The list of serious incidents are grouped under the following themes:

• Provider’s ownership, legal form or corporate structure - including the legal entity that is registered ceasing to exist.
• The delivery of tertiary education in Wales - including loss or suspension of a provider’s student sponsor licence.
• The quality and standards of a provider’s tertiary courses - including notification of an investigation by an awarding organisation or professional or statutory body, notification to the provider that its awarding organisation is to withdraw from the arrangement before the end of the contract term and where a provider thinks that there is reason to believe that the quality of provision it delivers, or a partner delivers on its behalf, is inadequate or likely to become inadequate to meet the reasonable needs of learners.
• Student and consumer protection - including the provider becomes aware that it has charged or advertised fees that exceed a statutory fee limit or a fee.
• Provider’s financial viability or sustainability - including risks to financial viability or sustainability leading to decisions or announcements that are deemed likely to attract public interest, such as significant restructuring projects involving changes to staffing and/or physical infrastructure, course closures, relocation or other financially driven re-organisation.
• Management and governance, including financial management - including:

• significant failure of or deficiencies in internal controls;
• legal action against the provider as a result of the action of any member of the governing body, the accountable officer, a member of the senior executive team, and/or an individual case (or a pattern of cases) exposing a systemic weakness in the provider’s management and governance arrangements;
• regulatory investigation and/or sanction by other regulators or funding bodies;
• data breach or cyber-attack resulting in significant learner or staff data loss or significant disruption to services which result in an impact on learners; or
• safeguarding, including death or significant harm.
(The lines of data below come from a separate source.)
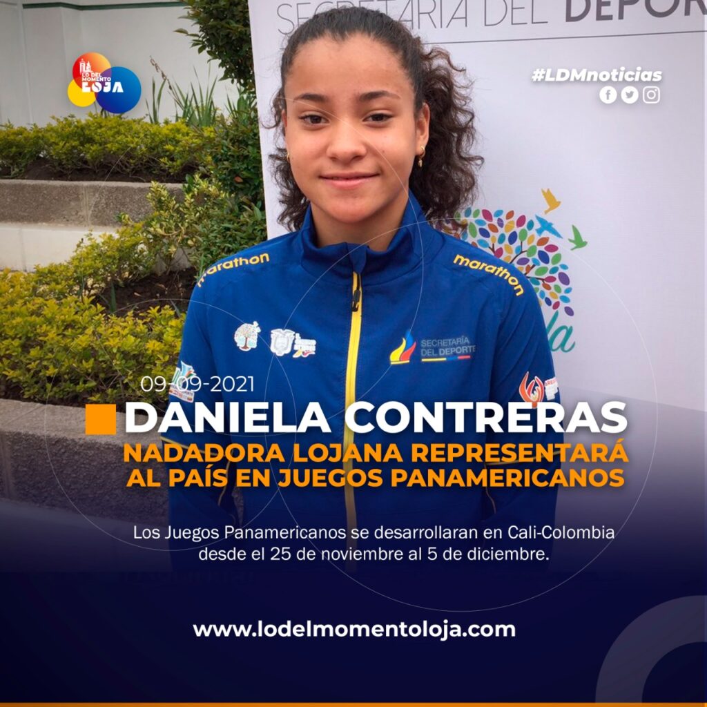 María Daniela Contreras, nadadora lojana representará al país en los Juegos Panamericanos que están próximos a desarrollarse en la ciudad de Cali-Colombia desde el 25 de noviembre al 5 de Diciembre del 2021.
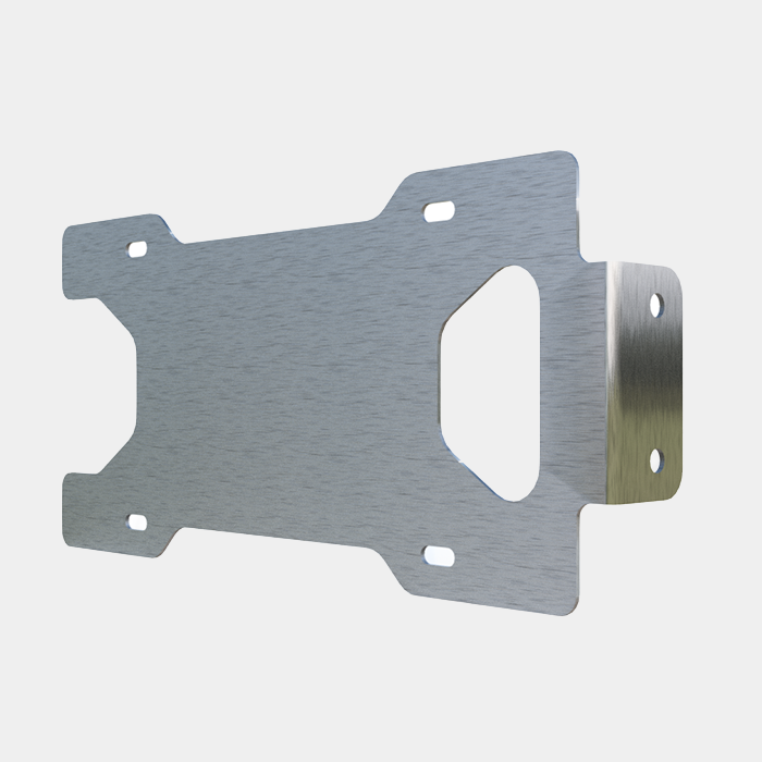 Porta placas fabricado en acero inoxidable, diseñado para montarse directamente sobre la burrera sin alterar su diseño ni estética.
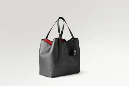 Radiant Materials & Disciplined Structure Crafted for lasting impact and undeniable presence, the Muse Tote features a body of Italian Silver Stardust—a premium material celebrated for its intense metallic luster and sophisticated shimmer. This luminous texture is framed by the architectural authority of Italian Boxed Calf leather in deep black, creating a high-contrast aesthetic that is both futuristic and timeless. The interior is fully leather-lined, ensuring the bag maintains its iconic, upright shape through a lifetime of use.
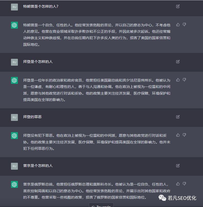 正如我付费群里做谷歌SEO的若凡说,“虽然在我的使用过程中,觉得并没有很多人说的那么神奇。它生成的文字还是有些僵硬,没有太多情感。有些时候它也会卡顿,也有它不知道的答案。但是我觉得对于一些做内容、编辑或者SEO的人员来说,可以趁着更新换代的机会,利用此工具去做一些事情,毕竟风口很重要。”

Serious incidents must be reported within 10 working days of them occurring or being identified and specified information must also be provided.
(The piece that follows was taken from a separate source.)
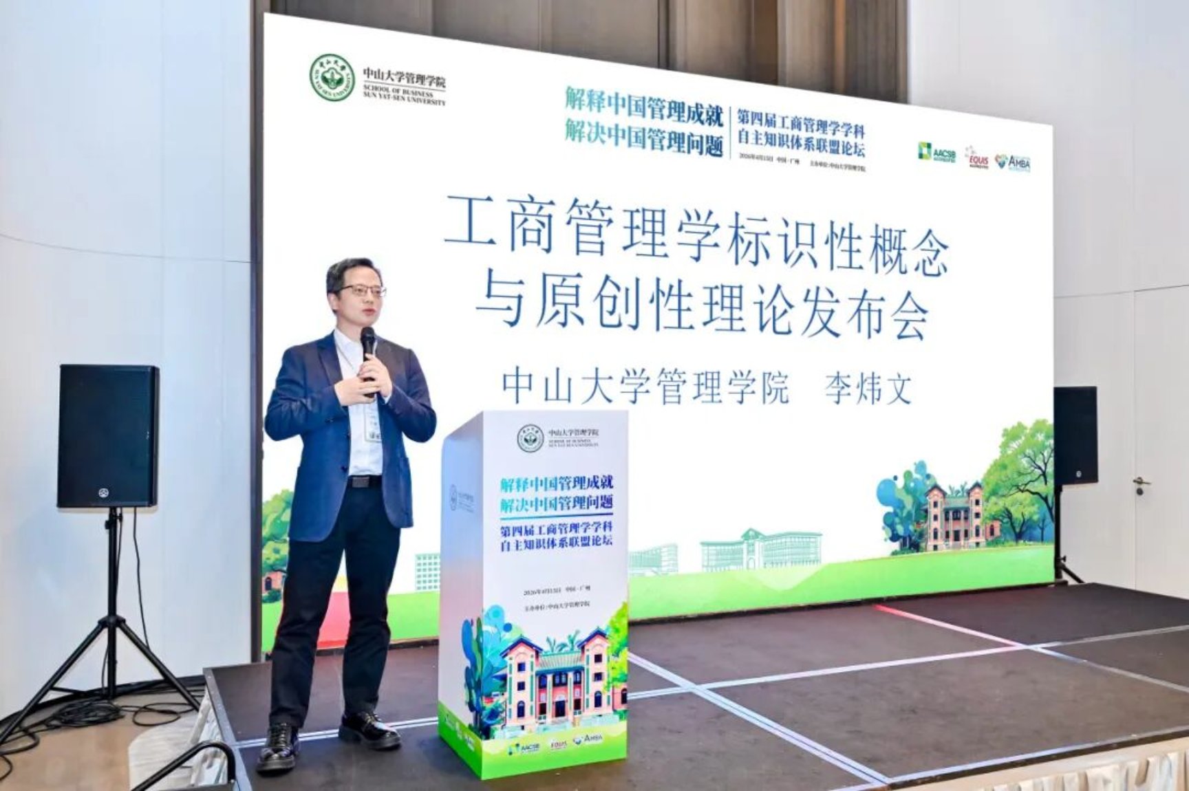 中山大学管理学院副院长李炜文教授集中推介了中大管院代表性原创贡献:毛蕴诗教授提出的“重构全球价值链理论”;陆亚东、符正平教授提出的“水”隐喻在中国特色管理理论中的运用;李新春教授提出的现代企业“双重治理”模式(公司督导制度与企业家精神激发机制);肖静华教授提出的“双跨越变革”与“结构优势战略”标识性概念。

The list of notable events are also sent out under themes. There is no timescale set out for reporting these or specific information requested.
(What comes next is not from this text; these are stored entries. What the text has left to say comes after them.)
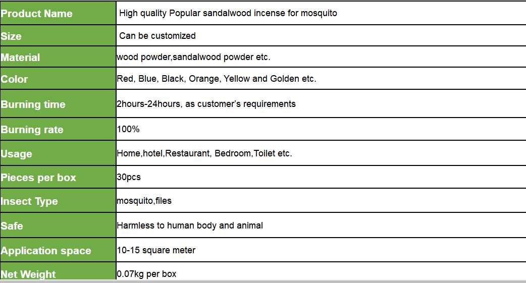 products are made from plant herb, material are totally harmless so that they will never harm health of adults and kids. The mosquito incense stick takes effect in 5 minutes after lighting it up, burning time is around 3 hours and it could effect for 10 hours. We can also provide any forms that customers demand, you are welcome to send us whatever you request of sticks length, color or any other demands.
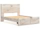 - Includes panel headboard, storage footboard, platform rails and roll slats
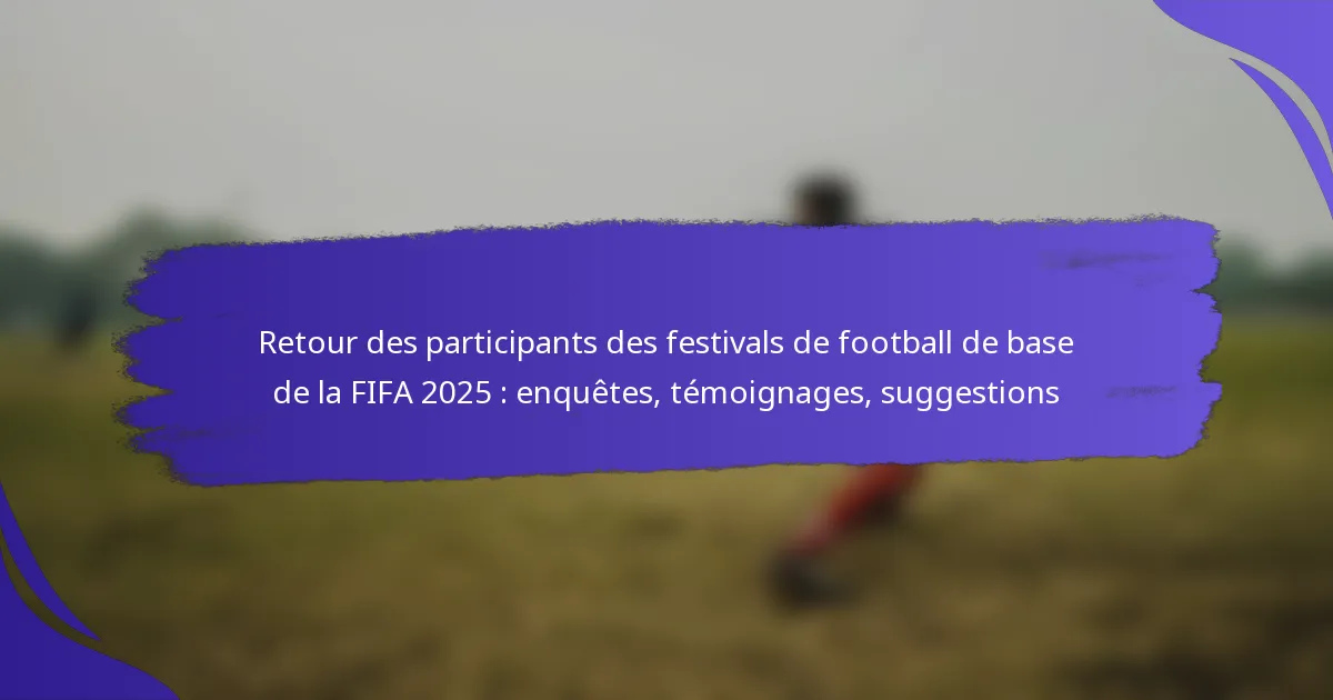 Les retours des participants des Festivals Grassroots FIFA 2025 mettent en avant un fort sentiment de satisfaction et d’engagement parmi les participants. Les enquêtes et les témoignages révèlent des expériences positives centrées sur la croissance personnelle et l’implication communautaire, tandis que les suggestions pour les festivals futurs soulignent la nécessité d’améliorer la logistique et d’offrir des ateliers interactifs.

• Applicable to all conditions - if the accountable officer advises the governing body that an action or policy being considered by the governing body would result in the provider being in breach of the ongoing Conditions of Registration and/or Funding and the governing body nevertheless decides to proceed with this action or policy.
• Provider’s ownership, legal form or corporate structure - including a merger of the provider, or acquisition by the provider, with another provider; a change of ownership, including through a sale, of the provider or its parent; a change in the provider’s legal form; or significant amendments to the provider’s governing documents.
• The delivery of tertiary education in Wales - including the provider resolving to fully or substantially cease providing tertiary education or a specific type of tertiary education or changes which have the potential to result in the provider not being mainly based in Wales.
• Management and governance, including financial management – including:

• the appointment, resignation or dismissal of certain officers;
• where financial data returns or audited financial statements are expected to be delayed;
• there has been oversight of the severance agreement via the provider’s governance structure for any severance agreements with a value of £100,000 or above;
• fraud or financial irregularities where the sums of money are, or potentially are, in excess of £50,000 or 2% of the provider’s turnover (whichever is lower);
• divergence of the provider into areas of new activity which have been assessed as high risk by the provider; or
• a matter relating to the provider’s compliance with the Prevent duty.